Fizikçilerden "9. Gezegen"e dair yeni teori: "Bambaşka bir şey olabilir"

Araştırmacılar gezegenin bilinmeyen cisimlerden ziyade olağandışı kütleçekim dinamikleri sonucu meydana gelmiş bir fenomen olabileceğini söylüyor

(NASA)
(NASA)
TT

Fizikçilerden "9. Gezegen"e dair yeni teori: "Bambaşka bir şey olabilir"

(NASA)
(NASA)

Bilim insanlarına göre Güneş sistemimizin ucunda saklanan ve "9. Gezegen" diye adlandırılan cisim aslında bambaşka bir şey olabilir.

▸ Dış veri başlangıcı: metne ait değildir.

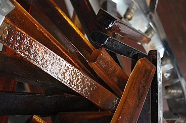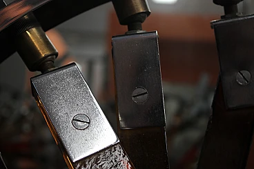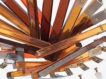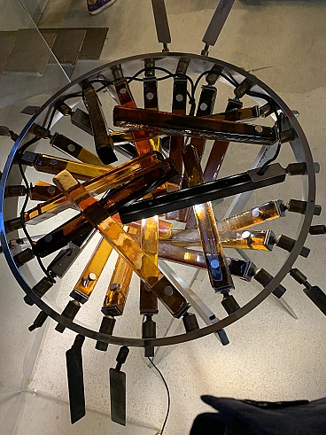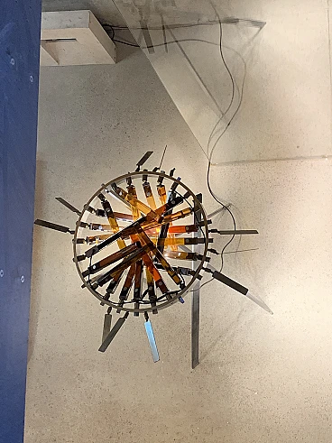 Characteristics: Circular steel band, on the external side it has n. 12 brass supports to which adjustable steel slats are fixed, on the internal side n. 24 always adjustable brass and steel supports that accommodate a parallelepiped in amber-coloured glass paste in different shades.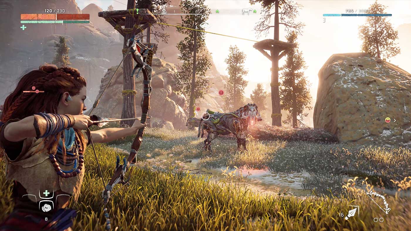 In Horizon Zero Dawn speel je als Aloy, een jager in een post-apocalyptische wereld waarin mechanische wezens rondlopen. Terwijl Aloy op zoek gaat naar haar herkomst, vecht je tegen allerlei vijanden, voltooi je opdrachten en leer je andere personages kennen.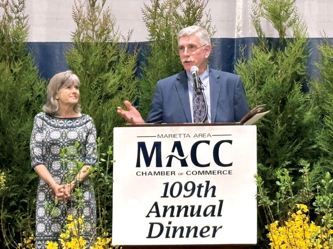 - Stephen Keiser, right, thanks everyone as he accepts the Marietta Area Chamber of Commerce Business Leader of the Year Award as his wife Anglea Keiser, left, watches during the MACC 109th Annual Dinner. (Photo by Michelle Dillon)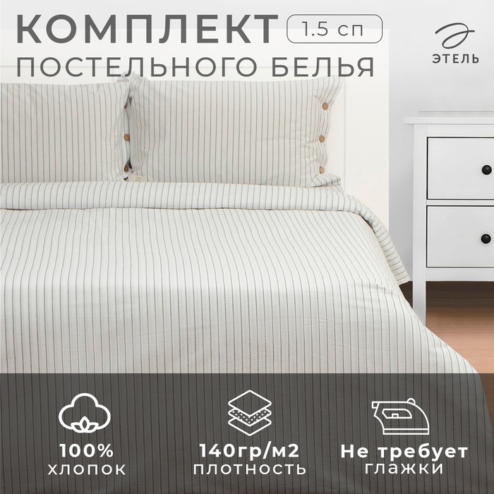 Постельное бельё Этель 1.5 сп White stripes 155х210 см,160х240 см,50х70-2шт, 100% жатый хлопок, 140 гр/м2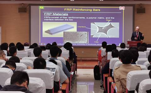 本次课程Brahim Benmokrane教授就FRP配筋的力学性能、测试方法与标准、实验室测试与现场应用、FRP配筋的结构设计方法与步骤、FRP配筋混凝土构件的弯曲/剪切/压缩设计、FRP配筋混凝土的服役年限与耐久性设计等方面进行了精彩的讲述,并和学员们进行了全面的交流。
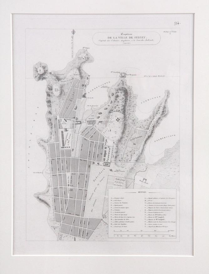 4. FREYCINET, Louis de. Esquisse de la Ville de Sydney, Capitale des Colonies anglaises, à la Nouvelle-Hollande. Engraved map measuring 320 x 237 mm. (plate size), a very good copy, mounted and framed. Paris, Pillet Aine, 1825.

Güneş sistemimizin ucundaki cisimlerin açıklanamayan hareketleri bazı kişilerin, gezegen bölgemizin uzağındaki karanlık kısımlarda saklanan ve 9. Gezegen diye adlandırdıkları başka bir dünyanın bu cisimleri etkilediğini iddia etmesine yol açtı. Güneş Sistemi'nin uzak noktalarındaki cisimlerin, muhtemelen başka bir gezegen olan göremediğimiz bir cisim tarafından çekiliyormuş gibi davrandığı öne sürülüyor.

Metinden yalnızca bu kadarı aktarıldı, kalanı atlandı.